* _Task material_:
....................

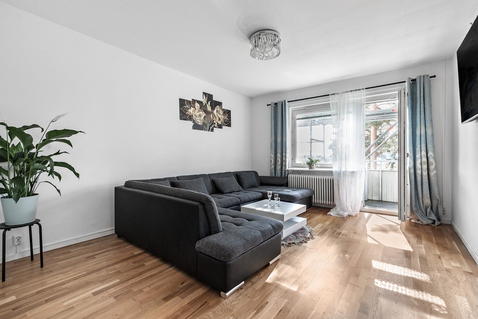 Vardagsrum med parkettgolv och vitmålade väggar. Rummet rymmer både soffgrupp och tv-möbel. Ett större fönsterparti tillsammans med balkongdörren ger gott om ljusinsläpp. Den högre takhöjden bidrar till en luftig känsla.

....................

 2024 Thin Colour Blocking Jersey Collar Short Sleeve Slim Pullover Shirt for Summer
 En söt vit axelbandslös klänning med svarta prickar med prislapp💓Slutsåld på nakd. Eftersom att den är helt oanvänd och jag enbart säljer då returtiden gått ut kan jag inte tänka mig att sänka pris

....................

Look above for the line with "2024 Thin Colour" and the line with "En söt vit axelbandslös". Retype those two lines and every line between them exactly, adding nothing.

 2024 Thin Colour Blocking Jersey Collar Short Sleeve Slim Pullover Shirt for Summer
 En söt vit axelbandslös klänning med svarta prickar med prislapp💓Slutsåld på nakd. Eftersom att den är helt oanvänd och jag enbart säljer då returtiden gått ut kan jag inte tänka mig att sänka pris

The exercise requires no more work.